- _Brief_:
Every line in the data below has to be repeated exactly; no picture belongs in the result.

- _Collected data_:
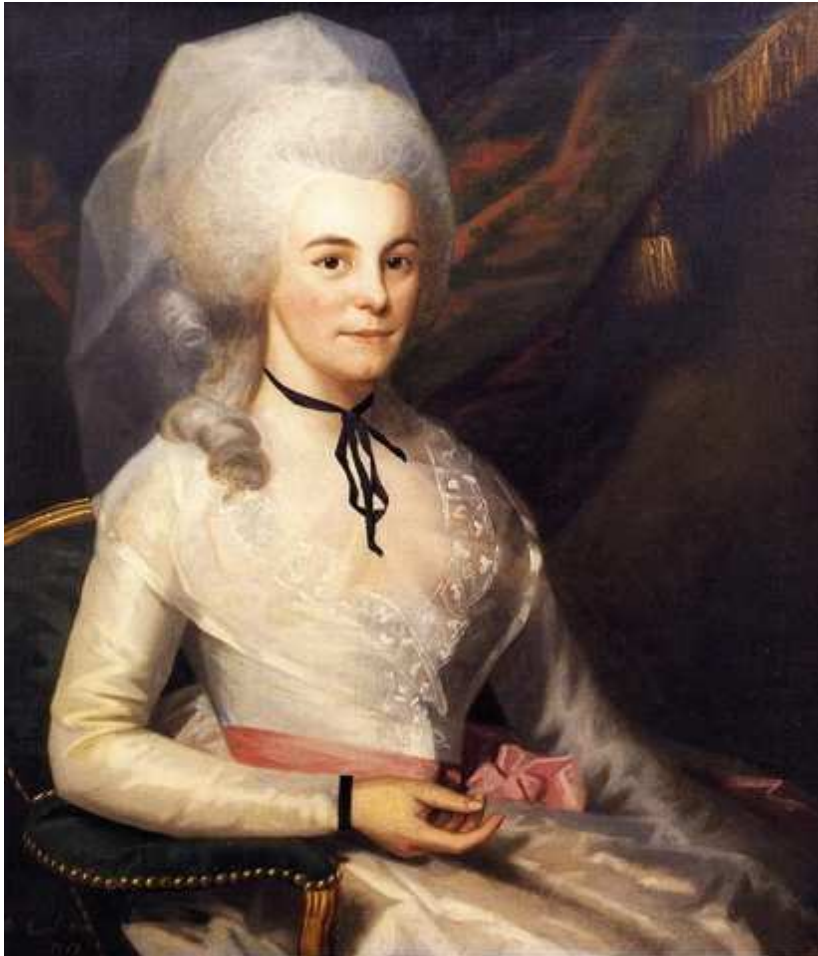
Figure 9: Mrs. Alexander Hamilton by Ralph Earle, 1787

“herself merry at the distress of the other Ladies.” 15 She was a vivacious, intelligent, and amiable woman who impressed many in Albany society.
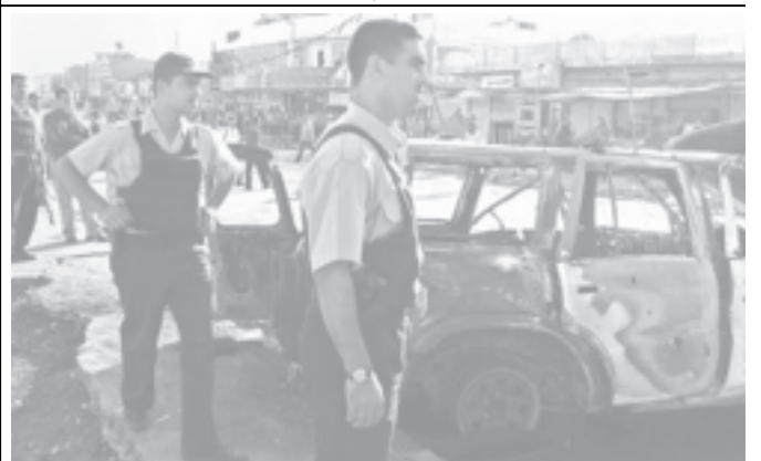
Iraqi police stand at the scene of a roadside bomb attack in the oil-rich city of Kirkuk, 250 km north of Baghdad on 1 October, 2005.

- _Written response_:
Figure 9: Mrs. Alexander Hamilton by Ralph Earle, 1787

“herself merry at the distress of the other Ladies.” 15 She was a vivacious, intelligent, and amiable woman who impressed many in Albany society.
Iraqi police stand at the scene of a roadside bomb attack in the oil-rich city of Kirkuk, 250 km north of Baghdad on 1 October, 2005.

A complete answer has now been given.